Fudge’s Saturday, March 04, 2006 post, “The Matisyahu Phenomenon: Good for the Jews or Bad?”
And this conversation with one of my co-workers, who insisted that she didn’t want to go to a recent Matisyahu concert until she knew more about Matisyahu.
“He’s Lubavitch. What more do you need to know?”
“I just don’t know whether that’s the right kind of work for a Ben Torah.”
“So do you think talent is a matana min hashamayim (a gift from heaven) or a michshol (a “stumbling block” [leading to sin]) from the sitra achra (the Other Side [also known as Satan])?”
I’m afraid that attitudes like the following probably sound depressingly familiar to many Jewish musicians. How do you deal with this sort of abuse, and what keeps you going?
You sing/play _______________________ (pick as many as apply: rock, reggae, rap . . .)? That’s not kosher.
You play ____________ (pick as many as apply: rock guitar, folk guitar, . . . .)? That’s goyish.
Why are you doing all this modern narishkeiten? Isn’t good old-fashioned simcha music good enough for you?
Why are you singing in Ladino? Isn’t Yiddish good enough for you? So what if you’re Sefardi?
That’s no job for a nice Jewish boy.
No respectable Jewish girl is a professional musician.

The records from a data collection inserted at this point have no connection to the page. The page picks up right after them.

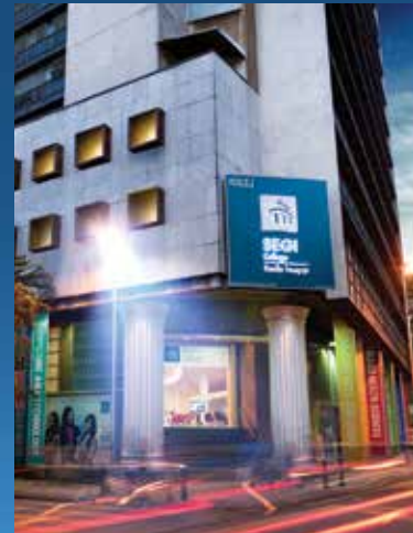
SEGi College Kuala Lumpur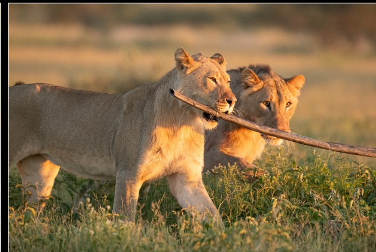
MR-001-Curious lions 2-202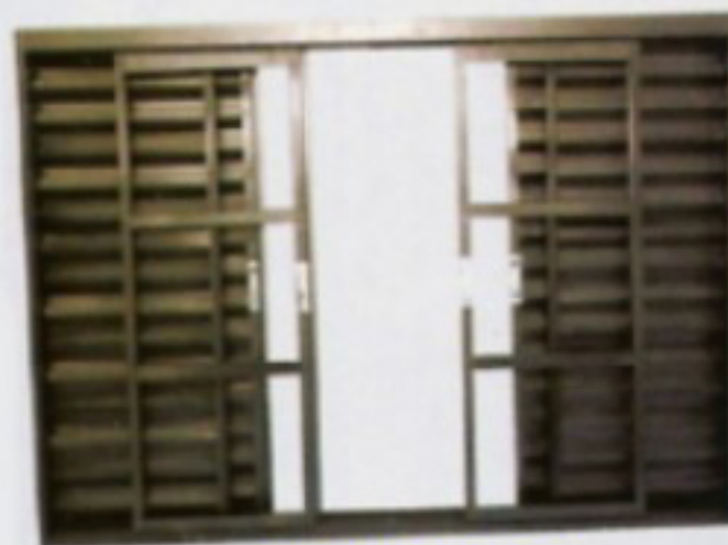
venetian sliding (without grid)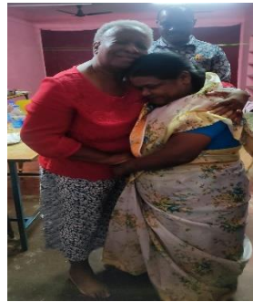
Comforting a Widow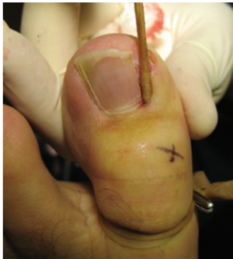
Figure 8. Application of phenol to the nail matrix.

Partial matricectomy via electrocautery, radiofrequency, and carbon dioxide laser ablation are all effective options in the treatment of ingrown toenails. Advantages of these techniques include less bleeding, reduced postoperative pain, and immediate sterilization of infected tissue. The carbon dioxide laser offers the advantage of limited thermal damage to adjacent tissues. Disadvantages include a commonly prolonged period for reepithelization and healing of the tissues by secondary intention and, consequently, local wound care for up to six weeks. 22 Staining of the nail matrix with methylene blue before performing a partial matricectomy with the carbon dioxide laser allows for better visualization of the nail matrix and can ensure complete cauterization. 20 Matricectomy via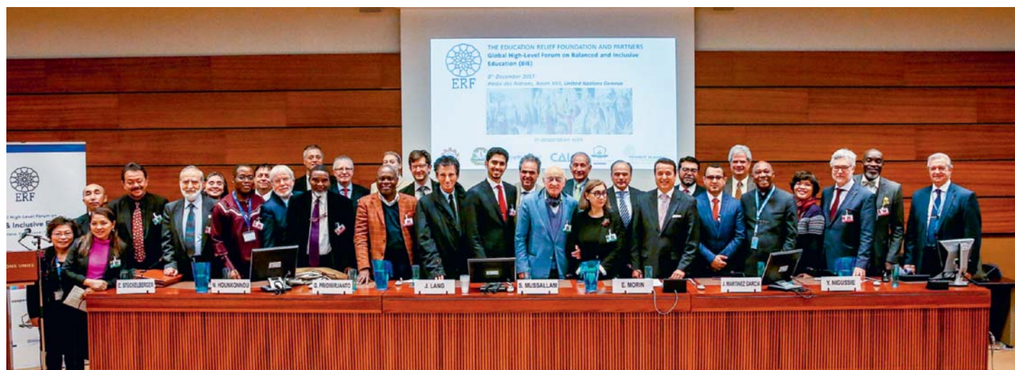
Global Stakeholder Forum with leaders and experts in education. United Nations Geneva, 8 December 2017.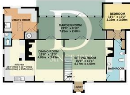
GROUNDFLOOR 1290 sq.ft. (119.5 sq.m.) approx.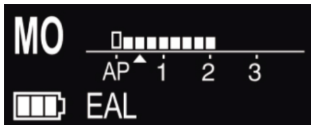
M0 - Stand Alone Apex Locator Mode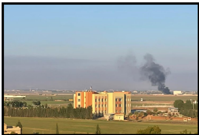
Joudy wheat factory Qamishli 26th of December 2023

The city of Qamishli: December 26, at 3:53 p.m., Turkish forces aircrafts targeted an Internal Security Forces point near the village of Haram Sheikho, in addition to an air strike on a construction company and another strike on a wheat factory in the town of Karbawi in the city of Qamishli at 4:15 p.m., after two hours of bombing. First on the security points, Turkish aircraft resumed bombing the Al-Naamtli checkpoint of the Internal Security Forces, in addition to targeting the Al-Alaya neighborhood in the city at 5:18 p.m.

Jewish rock music is treif. A synagogue is no place for a Jewish rock music concert.
Why are our children going to nightclubs to hear Jewish rock music? A nightclub is no place for a Jew.
From a July 29, 2005 e-mail to a Jewish rock musician:
“[One day, at my office], I started playing [a Jewish rock song]. But a [black-hat Orthodox visitor] who was hanging around with the [some of our part-time employees] heard Mendel's opening segment, and immediately said, "That's not kosher." "How can it not be kosher? He's singing from Yishaya [the prophet Isaiah]!"
As Chaim was saying, "One of the sad things about the frum world is that certain types of music are looked down upon.Anything that doesn’t involve an Oy or a Vey or a combined Oy Yoi Yoy Vey is considered “goyish music”.
A comment:
PsychoToddler on 8:24 PM
You're preaching to the choir here, Chaim. OOPS! GOYISH!-
Moshe Skier
Banned in Yeshivos for 20 years and going strong
“So vhy don’t you play something ve can dance to, already?”
To all Jewish musicians: Kol havod! Keep the music coming, please, for heaven’s sake—and for Heaven’s sake!
Labels: Music
13 Comments:
I don't think Music is a good job for anybody--Jewish or otherwise. Terrible way to make a living.
But anyway...it sounds to me like your friend should stay home. She won't like Matisyahu. She wouldn't like me either. And you know what? She doesn't have to.
Nobody forces you to like a particular style of music. You like what you like. If you like reggae, by all means go and see Matis. If you like Monster Guitar Rock, come see The Moshe Skier Band.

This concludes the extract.